From your commuter who still wants to drive to work to the biggest HGVs, there are EVs that will be able to drive on London’s roads of every size. It is possible that London’s air while never as fresh as here in Dorset could be a sight less toxic than smoking five fags a day if everyone went over to EVs. Let’s look at a few from very heavy to very light.

Daimler Benz and Mitsubishi Fuso have both started making EV HGVs that are suitable for inner city deliveries. They have a range of around 100 miles a day, more than enough for a multi-drop route.

UK based startup Arrival have just started a pilot project with Royal Mail to test their 3.5 tonners on London’s roads. 3.5 tonners are midweight trucks that can move up to 3.5 tonnes of goods. They are planning to sell the vehicles at a similar price to same payload ICE trucks of today.

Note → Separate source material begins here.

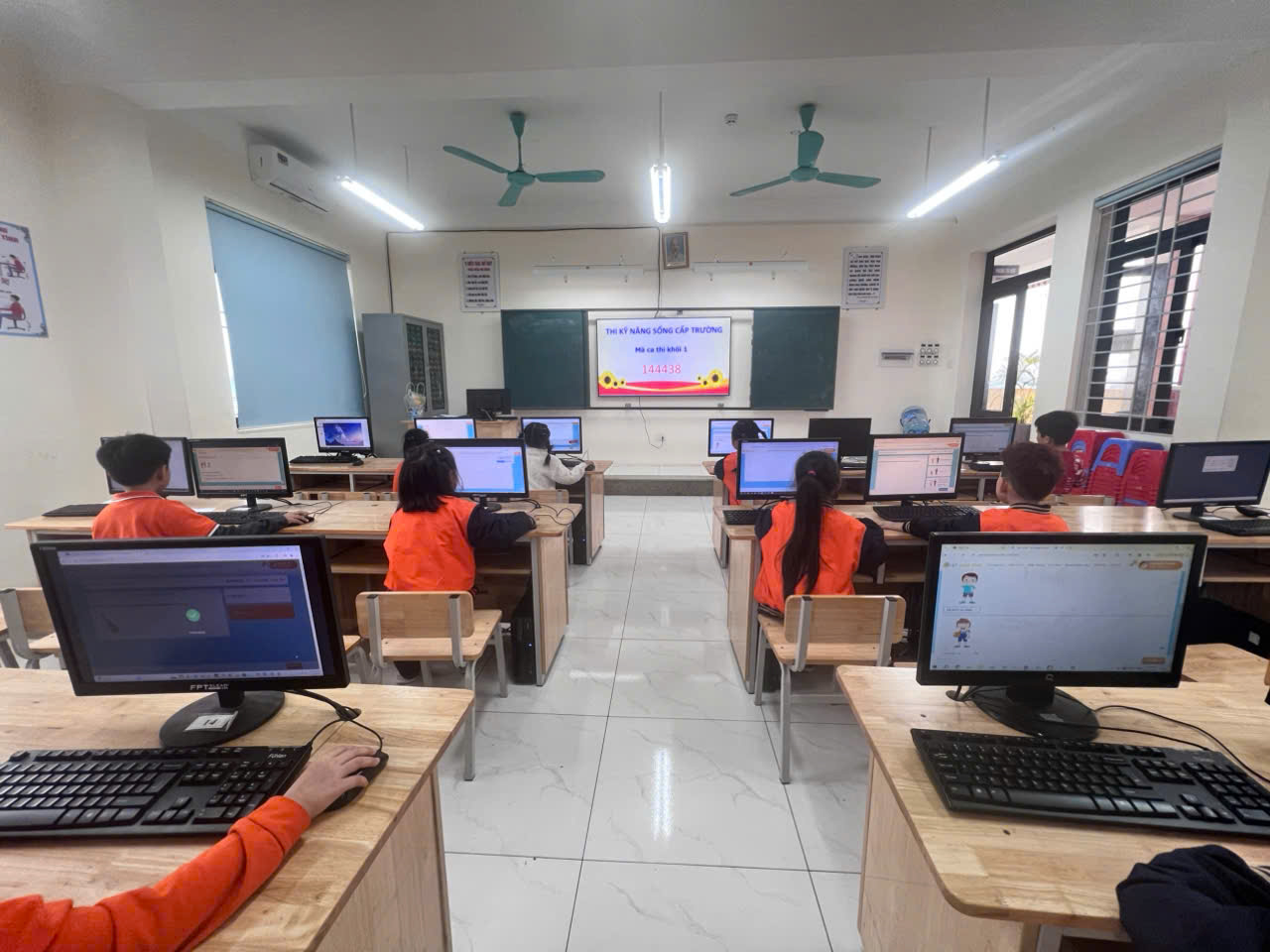 Để đảm bảo tính khách quan và nghiêm túc, kỳ thi có sự giám sát chặt chẽ từ Ban giám hiệu và đội ngũ giáo viên. Các giờ thi được diễn ra công bằng, minh bạch và đúng quy định. Trước giờ thi, các em học sinh đã có mặt đầy đủ, đăng nhập vào hệ thống phần mềm để tham gia kỳ thi với tâm thế hào hứng và quyết tâm. Nhiều em tỏ ra tự tin khi làm bài, thể hiện sự hiểu biết và khả năng xử lý tình huống linh hoạt. Một số em dù còn bỡ ngỡ nhưng vẫn cố gắng hoàn thành phần thi của mình. Không khí thi diễn ra nghiêm túc nhưng không căng thẳng, giúp học sinh phát huy tối đa khả năng của mình.

White van drivers do most of the last-mile deliveries in London, and Transits are used by builders and all sorts of other trades. Ford and logistics company DHL have partnered to build thousands of StreetScooter WORK XL vans every year at a factory in Germany. While many will go into DHL’s delivery fleet, there is excess capacity to supply other fleets around the world as well. DHL bought the startup StreetScooter for its light last mile delivery vehicles just a year or so ago. The original vehicles were electric delivery bikes. With DHL’s financial muscle this will now include the full gamut of EV delivery vehicles from scooters to long wheelbase vans.

As to cars? Look around E-car Test Drives for some inspiration!

The excuses are running out to use a dirty old polluting vehicle in London. My only wish is that other town and city councils would use their legal muscle to fine the daylights out of dirty vehicles too. Bristol, Manchester, Birmingham and even Weymouth down the road from me have toxic air. I just wish councils outside of London would have the balls to take the leap that London has!